Start of TASK DATA

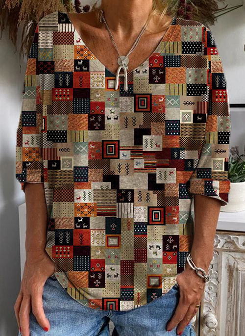 Women's V-Neck Colorful Graphic Panel Long Sleeve T-Shirt
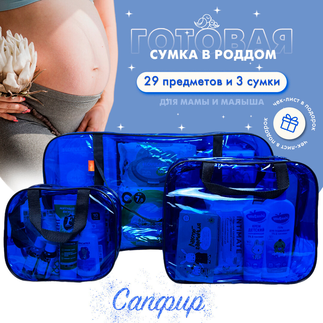 Сумка в роддом готовая для мамы и малыша с наполнением, 29 предметов, 3 прозрачные сумки, комплектация "Сапфир"
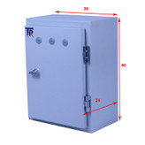 تابلو برق روکار در محیط های بیرونی استفاده می شود و بر روی دیوار نصب می شود و از تجهیزات و اتصالات الکتریکی محافظت می کند. استفاده از تابلو برق ایمنی افراد را حین کار افزایش می دهد. تابلوها در ابعاد و اندازه های مختلفی موجود هستند. در تولید این جعبه از مرغوب ترین رنگ پودری الکترواستاتیک استفاده شده است. ضخامت ورق تابلو 1 میلیمتر و ابعاد آن برابر با 30در 40در 21 سانتیمتر می باشد. این تابلو فلزی دارای قسمتهای پانج شده برای چراغ سیگنال است و به راحتی بر روی دیوار قابل نصب است.
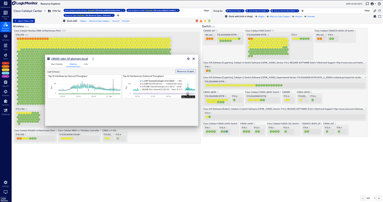 Enables small and simple to large and complex customers and service providers to monitor their Cisco Catalyst Center environments in the context of their broader hybrid and multi-cloud infrastructures. This integration helps customers that are new to Cisco and Catalyst Center (formerly DNA Center) and those who are migrating from Prime Infrastructure. LogicMonitor leverages the Catalyst Center API to discover the site hierarchy and all of the devices Catalyst Center manages, so you can start monitoring them in minutes.
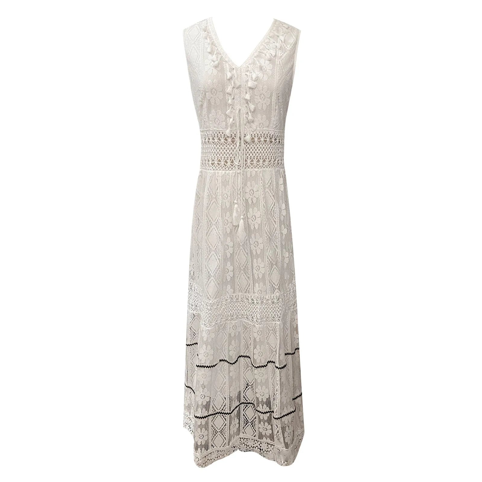 Ladies Bohemian Holiday Lace Sleeveless Swingle Casual Fashion Dress Features:
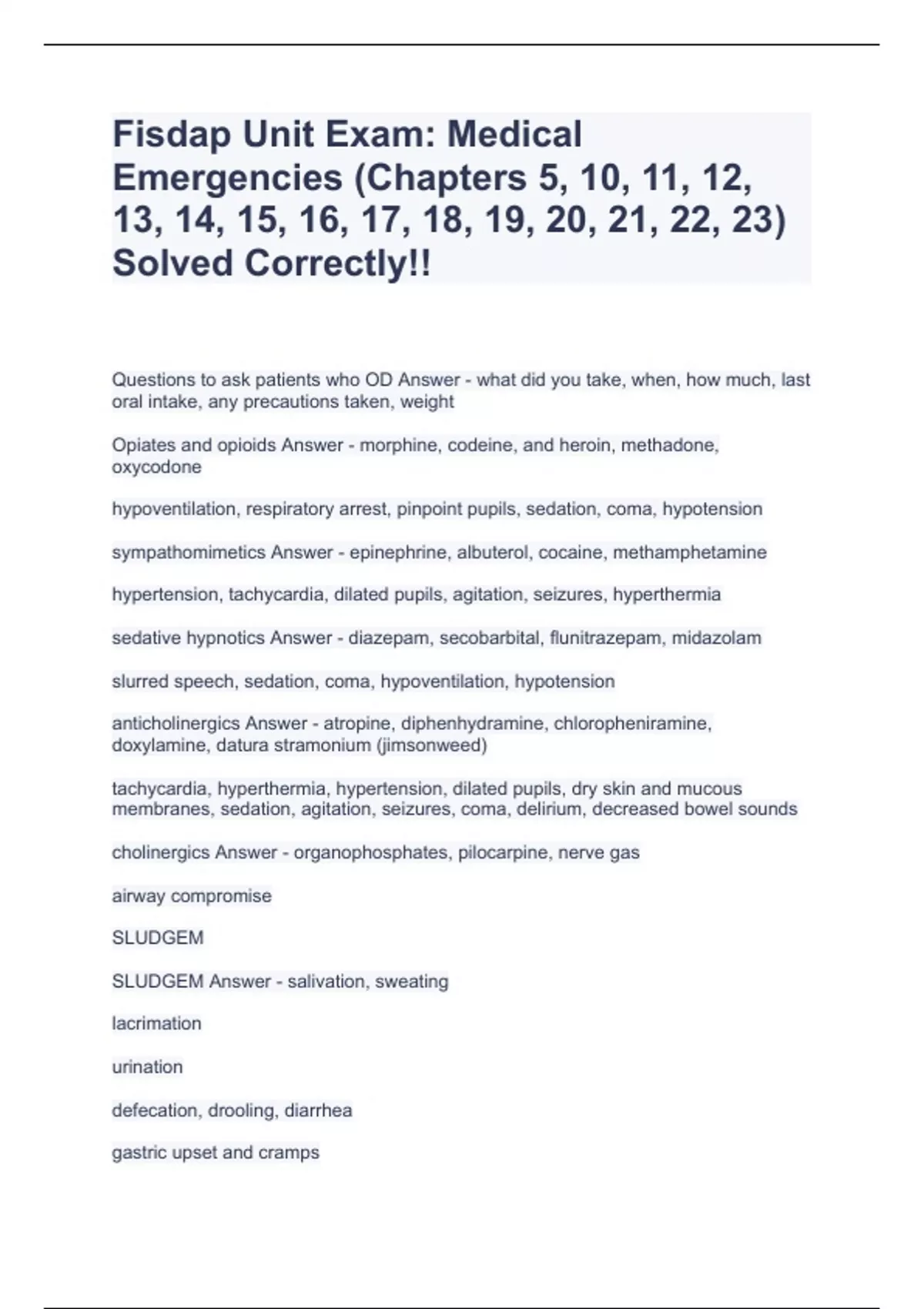Fisdap Unit Exam: Medical Emergencies (Chapters 5, 10, 11, 12, 13, 14, 15, 16, 17, 18, 19, 20, 21, 22, 23) Solved Correctly!!
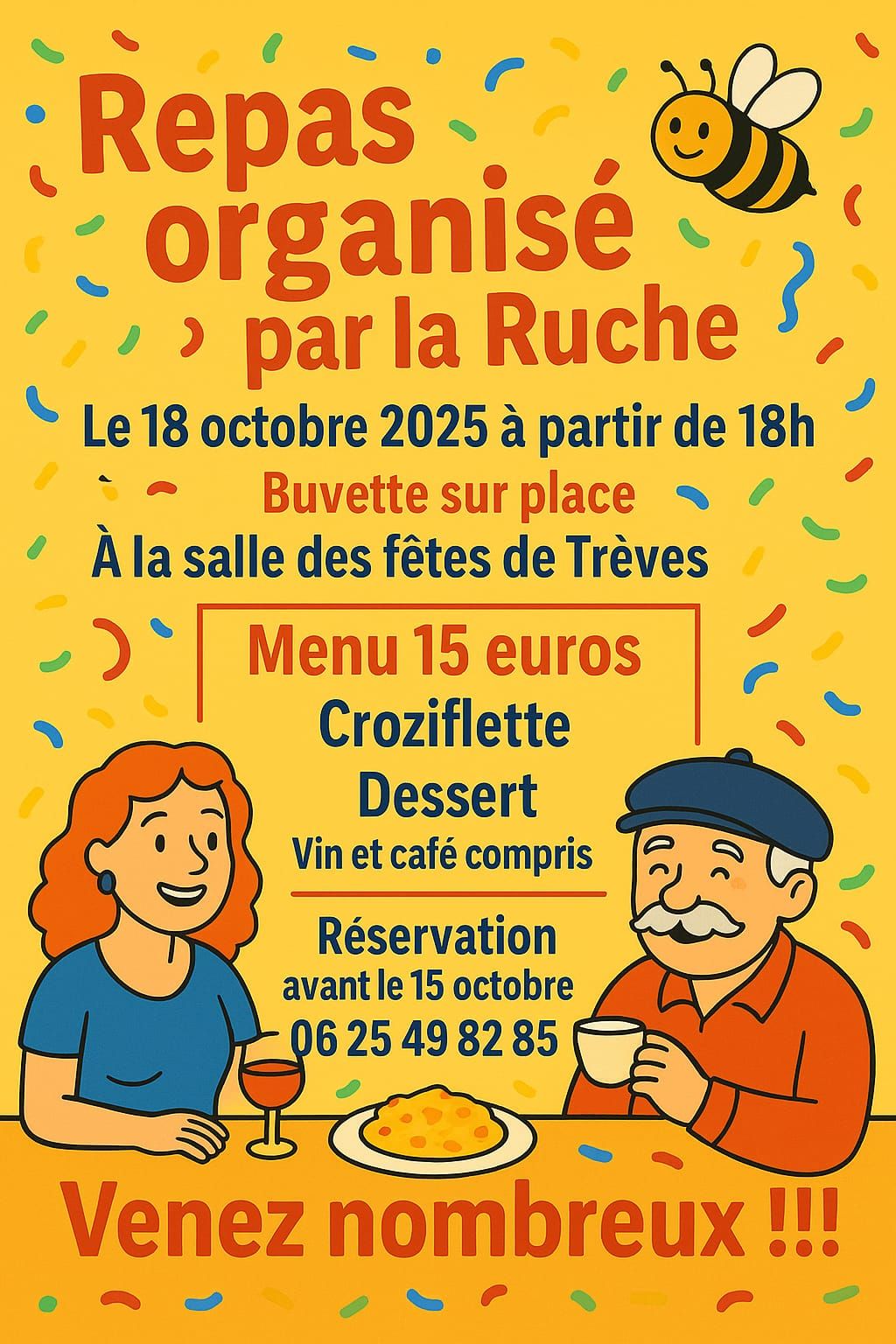 Nous vous attendons nombreux au repas organisé par "La ruche" à partir de 18h à la salle des fêtes.
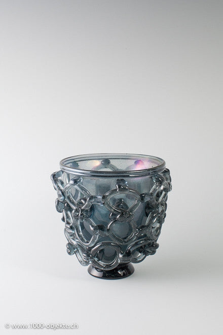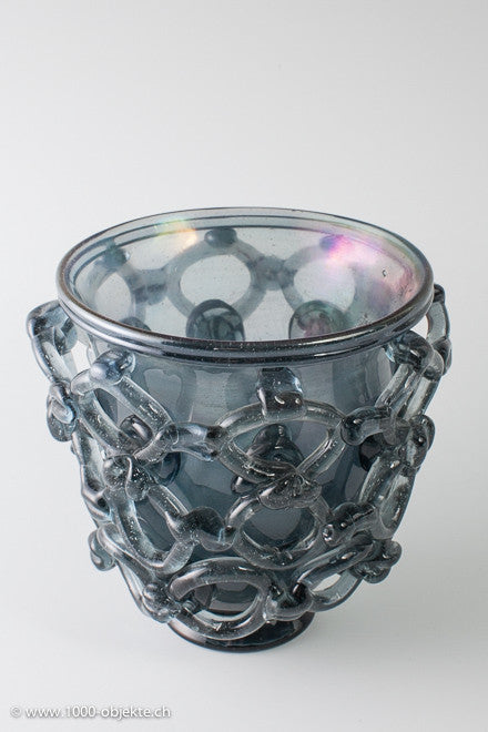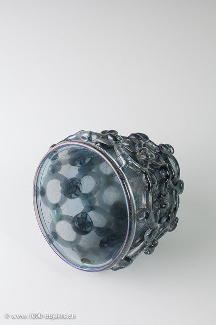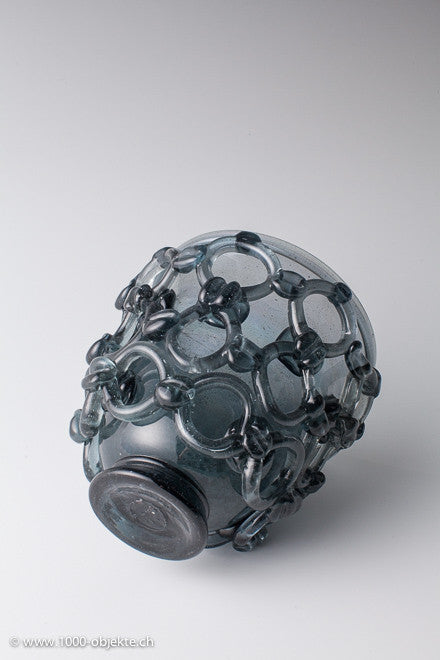 • Grey glass, with corroso interior and iridized surface. With old pontil break

End of TASK DATA

All records are to be reproduced exactly; the pictures are to be omitted.

**WRITTEN ANSWER**
 Women's V-Neck Colorful Graphic Panel Long Sleeve T-Shirt
 Сумка в роддом готовая для мамы и малыша с наполнением, 29 предметов, 3 прозрачные сумки, комплектация "Сапфир"
 تابلو برق روکار در محیط های بیرونی استفاده می شود و بر روی دیوار نصب می شود و از تجهیزات و اتصالات الکتریکی محافظت می کند. استفاده از تابلو برق ایمنی افراد را حین کار افزایش می دهد. تابلوها در ابعاد و اندازه های مختلفی موجود هستند. در تولید این جعبه از مرغوب ترین رنگ پودری الکترواستاتیک استفاده شده است. ضخامت ورق تابلو 1 میلیمتر و ابعاد آن برابر با 30در 40در 21 سانتیمتر می باشد. این تابلو فلزی دارای قسمتهای پانج شده برای چراغ سیگنال است و به راحتی بر روی دیوار قابل نصب است.
 Enables small and simple to large and complex customers and service providers to monitor their Cisco Catalyst Center environments in the context of their broader hybrid and multi-cloud infrastructures. This integration helps customers that are new to Cisco and Catalyst Center (formerly DNA Center) and those who are migrating from Prime Infrastructure. LogicMonitor leverages the Catalyst Center API to discover the site hierarchy and all of the devices Catalyst Center manages, so you can start monitoring them in minutes.
 Ladies Bohemian Holiday Lace Sleeveless Swingle Casual Fashion Dress Features:
Fisdap Unit Exam: Medical Emergencies (Chapters 5, 10, 11, 12, 13, 14, 15, 16, 17, 18, 19, 20, 21, 22, 23) Solved Correctly!!
 Nous vous attendons nombreux au repas organisé par "La ruche" à partir de 18h à la salle des fêtes.
 • Grey glass, with corroso interior and iridized surface. With old pontil break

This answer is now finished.